**Exercise goal**
Return exactly the lines below, starting with the one that has "- Rivestita in" and going on through the one that has "一分鐘之后獲得了兩塊測試PC".

**Records provided**

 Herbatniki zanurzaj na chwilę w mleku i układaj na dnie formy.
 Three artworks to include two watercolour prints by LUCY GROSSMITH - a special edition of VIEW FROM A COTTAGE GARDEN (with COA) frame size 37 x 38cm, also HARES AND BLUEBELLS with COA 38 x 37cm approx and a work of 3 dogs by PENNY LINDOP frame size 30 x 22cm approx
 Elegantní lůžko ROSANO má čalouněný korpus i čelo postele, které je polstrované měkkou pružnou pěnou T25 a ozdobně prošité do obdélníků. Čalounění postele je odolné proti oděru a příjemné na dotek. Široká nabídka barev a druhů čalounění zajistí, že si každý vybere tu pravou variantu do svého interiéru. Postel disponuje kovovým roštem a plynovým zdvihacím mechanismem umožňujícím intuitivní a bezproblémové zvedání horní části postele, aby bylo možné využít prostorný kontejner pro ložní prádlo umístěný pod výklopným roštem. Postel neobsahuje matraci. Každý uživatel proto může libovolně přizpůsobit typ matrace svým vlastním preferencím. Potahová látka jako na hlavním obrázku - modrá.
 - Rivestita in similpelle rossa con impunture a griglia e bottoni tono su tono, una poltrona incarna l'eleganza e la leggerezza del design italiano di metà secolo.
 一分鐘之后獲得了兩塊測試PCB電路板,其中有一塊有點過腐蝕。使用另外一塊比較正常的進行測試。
* * *
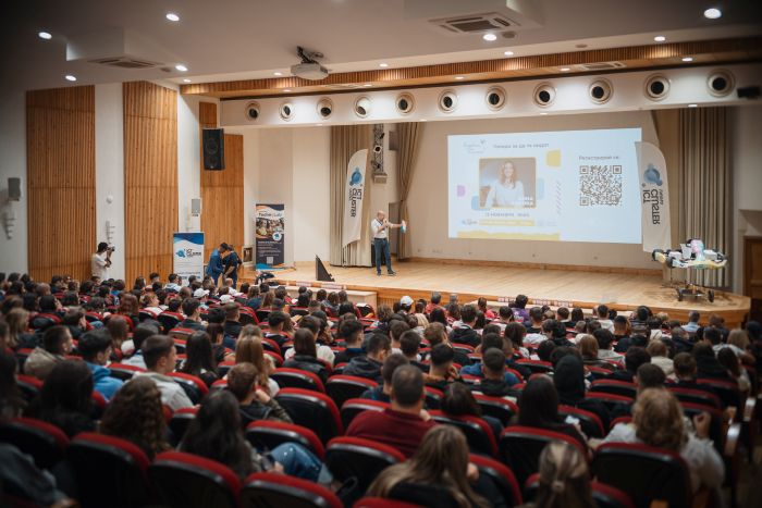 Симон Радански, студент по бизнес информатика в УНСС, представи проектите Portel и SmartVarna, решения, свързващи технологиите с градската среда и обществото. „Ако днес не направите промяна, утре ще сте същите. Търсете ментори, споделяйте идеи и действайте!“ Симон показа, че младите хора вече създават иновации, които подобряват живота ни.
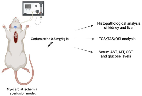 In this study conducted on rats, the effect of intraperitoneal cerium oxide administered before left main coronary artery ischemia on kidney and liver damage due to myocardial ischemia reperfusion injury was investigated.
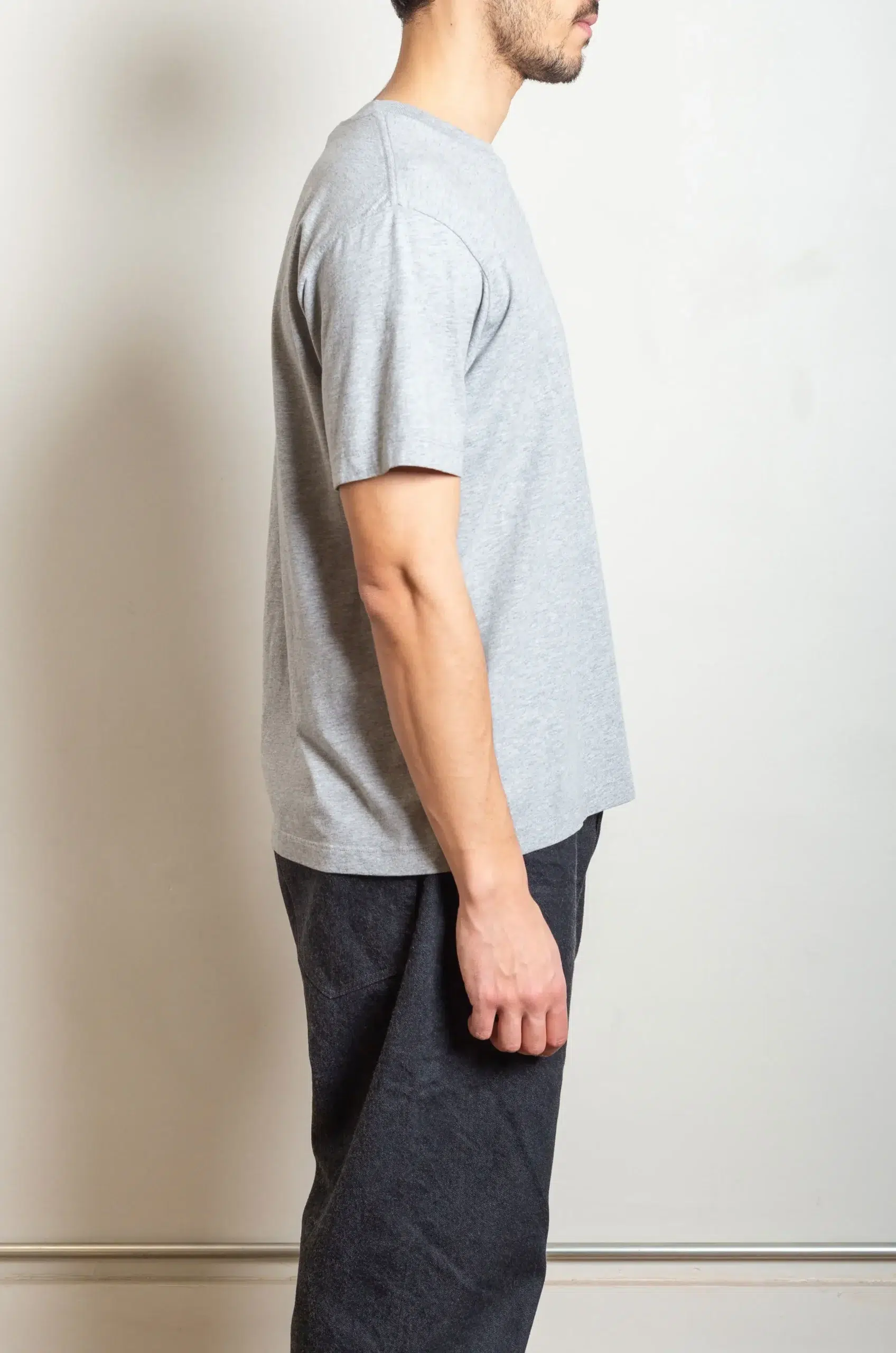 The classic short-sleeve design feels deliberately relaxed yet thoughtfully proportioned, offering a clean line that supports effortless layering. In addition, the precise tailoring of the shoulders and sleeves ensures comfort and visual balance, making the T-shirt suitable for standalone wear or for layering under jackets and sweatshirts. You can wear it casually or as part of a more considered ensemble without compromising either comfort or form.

**Solution for this task**
 - Rivestita in similpelle rossa con impunture a griglia e bottoni tono su tono, una poltrona incarna l'eleganza e la leggerezza del design italiano di metà secolo.
 一分鐘之后獲得了兩塊測試PCB電路板,其中有一塊有點過腐蝕。使用另外一塊比較正常的進行測試。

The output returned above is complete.